Search code examples
pythonpython-3.xdictionarymultiprocessingpython-multiprocessing

Modifying outter dict inside a multiprocessing pool


I'm trying to modify a dictionary (file) with a multiprocessing pool. However, I can't make it happen.

Here is what I'm trying:

import json
import multiprocessing



def teste1(_dict, _iterable):
    file1[f'{_iterable}'] = {'relevant': True}


file1 = {'item1': {'relevant': False}, 'item2': {'relevant': False}}

pool = multiprocessing.Pool(4)
manager = multiprocessing.Manager()
dicto = manager.dict()
pool.apply_async(teste1, (file1, file1))
print(file1)

However, it's still printing out the same as before: {'item1': {'relevant': False}, 'item2': {'relevant': False}}

Could one noble soul help me out with this?


Solution

  • There are multiple issues with your approach:

    1. You are attempting to share a dictionary (file1) across a number of processes but you are actually sharing a copy of it. In order to solve this please refer to: multiprocessing: How do I share a dict among multiple processes?

    2. You are iterating over the copies of the dictionaries. Trying to index with a dictionary itself!

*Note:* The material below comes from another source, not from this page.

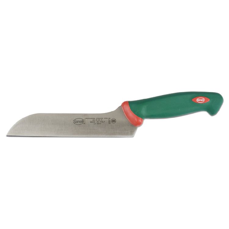 The JB Prince Z294 Sanelli Restaurant Cheese Knife is a well-crafted tool designed for the skilled needs of culinary professionals. Featuring a 7-inch stamped stainless steel blade, this knife is perfect for precise cutting and slicing tasks in any restaurant setting. Its offset design ensures that the user’s hand is kept safely away from the cutting surface, which minimizes the risk of injury and enhances control during use. Additionally, the ergonomic rubber handle provides a comfortable grip, reducing strain during prolonged periods of cutting. The knife is adorned with a distinctive green and red color scheme, adding an element of style to its functional design. NSF certification signifies that this product meets high standards for public health protection, making it a reliable choice for industry professionals. Made in Italy, the JB Prince Z294 embodies quality craftsmanship and meticulous attention to detail, ensuring durability and longevity. This cheese knife is particularly valuable for various market segments, including high-end restaurants and catering services, where precision and reliability are paramount. With its blend of ergonomic design and high-quality materials, the JB Prince Z294 Sanelli Restaurant Cheese Knife stands out as a superior tool for chefs who demand excellence in their culinary equipment.

    Assuming that what you need is a dictionary with values updated by parallel processes, you have two choices:

    A. Share the dictionary across processes and iterate over keys like:

    pool.apply_async(teste1, file1.keys())  # assuming file1 is properly shared
    

    B. Simpler approach where you construct the resulting dictionary based on the return values from parallel run teste1 function:

    def teste1(dict_key):
        # some logic dependent on dict_key
        return {'relevant': True}
    
    
    file1 = {'item1': {'relevant': False}, 'item2': {'relevant': False}}
    
    pool = multiprocessing.Pool(4)
    manager = multiprocessing.Manager()
    dicto = manager.dict()
    results = pool.map(teste1, file1.keys())
    pool.close()
    pool.join()
    
    file2 = {k:v for k,v in zip(file1.keys(), results)}  # file1.keys() preserves the order so results and file1.keys() are corresponding
    print(file2)